Solving equation containing sum over list of vectors

Hi,

I'm trying to investigate a problem containing the root mean square 
distance of a set of vectors to a set of transformed vectors. The 
transformation is parameterized by some scalar values.

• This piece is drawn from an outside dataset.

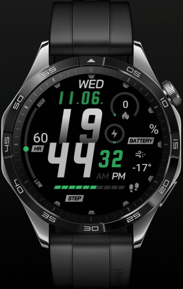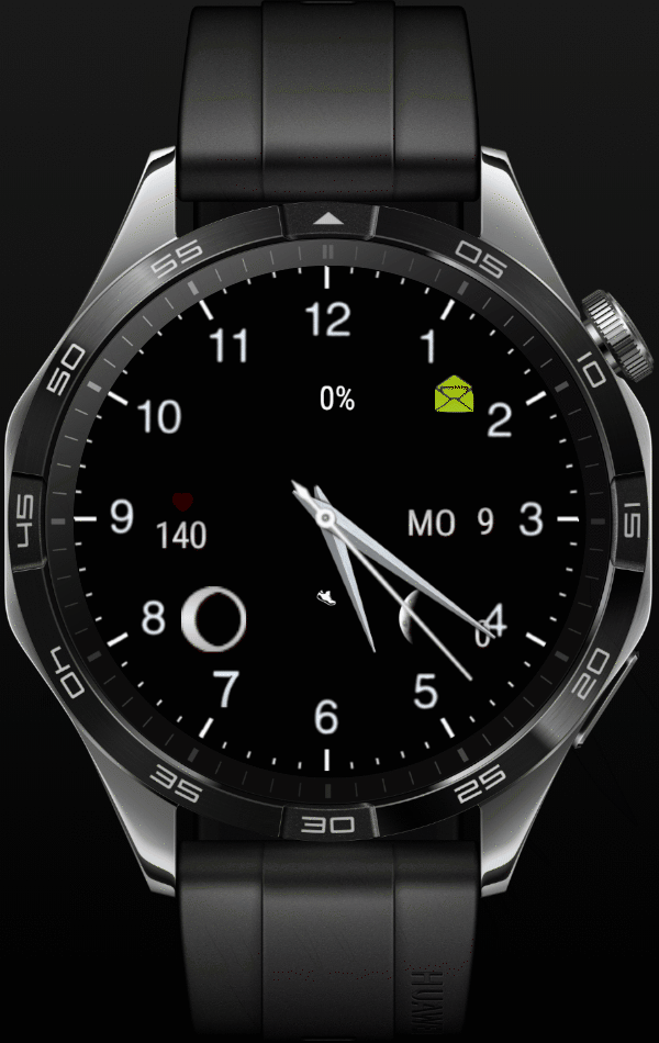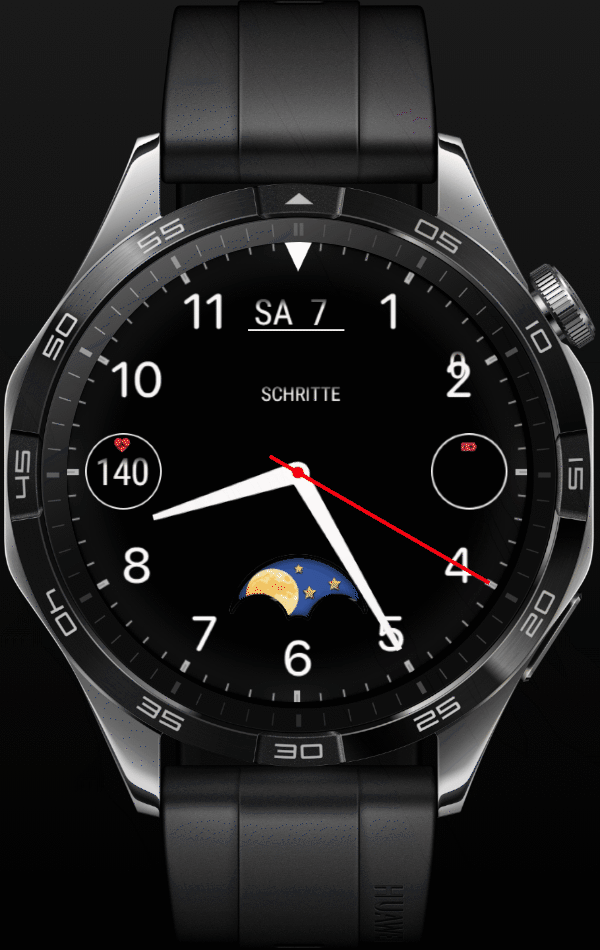 analogen Zeigern, Mondphase, Schrittzähler und Puls

Now I want to minimize the rms distance under variation of the 
transformation parameters by finding the roots of the derivative.
This is where I am stuck right now.

I tried this approach:

v: matrix([vx[i]], [vy[i]], [vz[i]], [1]);
u: matrix([ux[i]], [uy[i]], [uz[i]], [1]);

Rot: matrix(
   [cos(phi),-sin(phi), 0, 0],
   [sin(phi), cos(phi), 0, 0],
   [       0,        0, 1, 0],
   [       0,        0, 0, 1]);

Transl: matrix(
   [1, 0, 0, l*tx],
   [0, 1, 0, l*ty],
   [0, 0, 1, 0],
   [0, 0, 0, 1]);

Center: matrix(
   [1, 0, 0, cx],
   [0, 1, 0, cy],
   [0, 0, 1, 0],
   [0, 0, 0, 1]);

T: invert(Center) . Rot . Center . Transl;

d_rms(phi,l):=
   sum(
     transpose(T . v - u) . (T . v - u) * w[i],
     i,1,n);

d_rms_l: diff(d_rms(phi,l), l);

solve(d_rms_l = 0, l);

The above code does not actually solve for l, which is what I want. And 
which I could perform by hand. (Note: for the last statement we can 
assume everything as constant except for l.)

It may be related to the vector lists v and u and the scalar weight list 
w - I don't know how to declare them as list of vectors and scalars (I 
actually tried declare(v, nonscalar) etc., but it didn't work out).

I would appreciate any help.
Regards,
Matze